Posted in FILM with tags , , , on April 20, 2011 by dcairns

Very grateful to Masters of Cinema for sending me a complimentary dual-format edition of THE LADY WITHOUT CAMELIAS, and early, underseen Antonioni movie starring the stunning Lucia Bosè. Watched it with guest David Wingrove, which was a good decision — the film is slow to start, and the more people you have in the audience on such an occasion, the less likely you are to switch off. And I’m so glad we didn’t!

The picture begins with Bosè becoming an overnight sensation in her first movie — this Milanese shopgirl is now a rising star. The problems she now faces concern both love and art — can she achieve anything worthwhile in the cinema, and can she balance that with a successful romantic life. The reason both goals are so difficult is that the men in her life all want complete control of her, and are threatened whenever she tries to make a decision. It’s when this starts to become clear that the drama kicks in and the film goes from sliding past your eyes in a slightly apologetic fashion, to gripping you by the skull while fixing you with a hypnotic gaze. More of what we think of as the Antonioni style becomes visible as the story develops, also, as the drab studios and streets of the opening scenes are replaced with ultra-modern cinemas and chic, soulless duplexes.

They’re so chic they have a fire surround in the middle of the room.

Sophia Loren was apparently offered the lead role, but turned it down as being too close to home. But it’s Bosè
who really was a Milanese shopgirl (Loren’s background was less respectable), though Loren did work in the fumetti, as this character is supposed to have done. Bosè’s extraordinary glamour comes with a slightly uncomfortable edge — her waist is so slender it looks cinched, but isn’t. Her body achieves a blending of the voluptuous and the starved that no body should be expected to attain. Her performance has something of the glacial quality I associate with later Antonioni, but the movie invites emotional engagement with the character in a way that’s progressively less common in the maestro’s oeuvre.
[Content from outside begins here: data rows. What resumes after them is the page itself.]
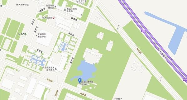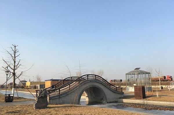 在华堂北侧,澎湃新闻记者发现,由于2015年修建的泉丰路下穿京津塘高速通道,高新路的东侧入口已被隔断,使得其成为一条被隔离的荒置道路。跨越障碍物进入高新路后看到,以华堂东侧荒地与中轮的接壤处为界,处于华堂一侧的西半段车道被改建为人工河,伴有小亭、景观桥等园林建筑,与华堂内部风格相似。处于东侧的高新路段则保持荒废原貌。在高新路以北,与之平行的是京津塘高速公路,二者中间以围墙分隔。围墙上,西侧出现了天狮的标志。一位附近企业的员工告诉澎湃新闻记者,越过交界线的路段就是“天狮的地盘”了。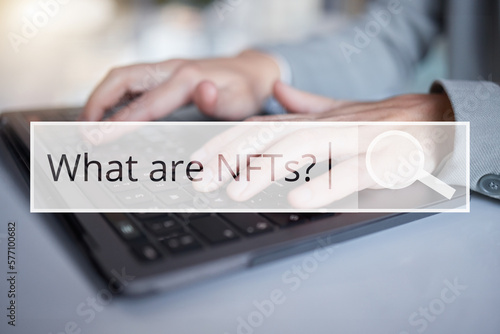 Hands, laptop and cryptocurrency NFT search bar for trading or investing on stock market at office. Hand of employee browsing on computer for online research, blockchain or data on virtual platform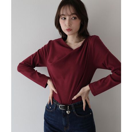 デコルテを美しく見せてくれるドレープデザインで、カジュアルながらも女性らしさを演出します。
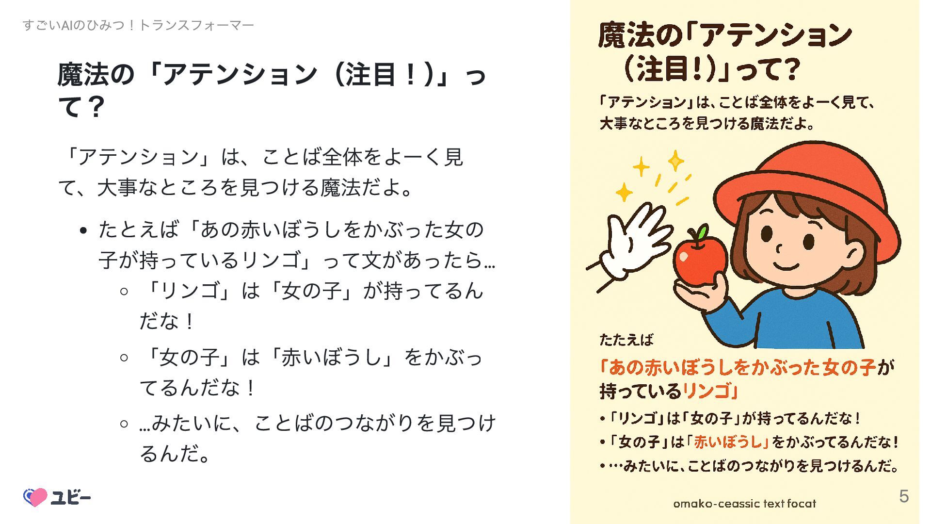 魔法の「アテンション(注目!) 」っ て? 「アテンション」は、ことば全体をよーく見 て、大事なところを見つける魔法だよ。 たとえば「あの赤いぼうしをかぶった女の 子が持っているリンゴ」って文があったら… 「リンゴ」は「女の子」が持ってるん だな! 「女の子」は「赤いぼうし」をかぶっ

The obvious comparison is Ophuls’ Italian opus, LA SIGNORA DI TUTTI, which likewise charts the rise and fall of a female movie star. That film begins with a suicide before flashing back, whereas this one adopts a straight linear path, maybe accounting for its trouble getting started, but the Antonioni is no less clearly a tragedy. While the fate that awaits Isa Miranda in the thirties flick is potentional death by her own hand, Antonioni’s heroine is threatened with spiritual death — the possibility of a life of compromise and failure. It’s potentially more depressing that way — Ophuls’ tragedy carried with it a built-in feeling of “if only”. There may be no “if only” in Antonioni’s world.

“Is every man in her life part of some conspiracy to drive her insane?” asked David W, quite early on. The answer is YES, with the multi-tier conspiracy consisting of the film business, family life, marriage, Italian society, and human nature.
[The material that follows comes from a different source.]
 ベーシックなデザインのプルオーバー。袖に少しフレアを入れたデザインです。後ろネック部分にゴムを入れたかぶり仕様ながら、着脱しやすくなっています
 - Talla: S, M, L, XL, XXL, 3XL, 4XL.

David later apologized in case he was poor company, having been emotionally shattered by the experience of the film (of course, he was still spendid company, even while reeling). I never actually find films depressing if they’re good. This one I’d call devastating but not depressing. Fiona thought it was depressing, but she still liked it. Does that say something about our differing personalities?

David W tells me that only ill-health kept the octogenarian Bosè from her stated intention of appearing on the Italian version of Celebrity Love Island last year, which suggests that Antonioni’s askance view of celebrity may be more timely than ever.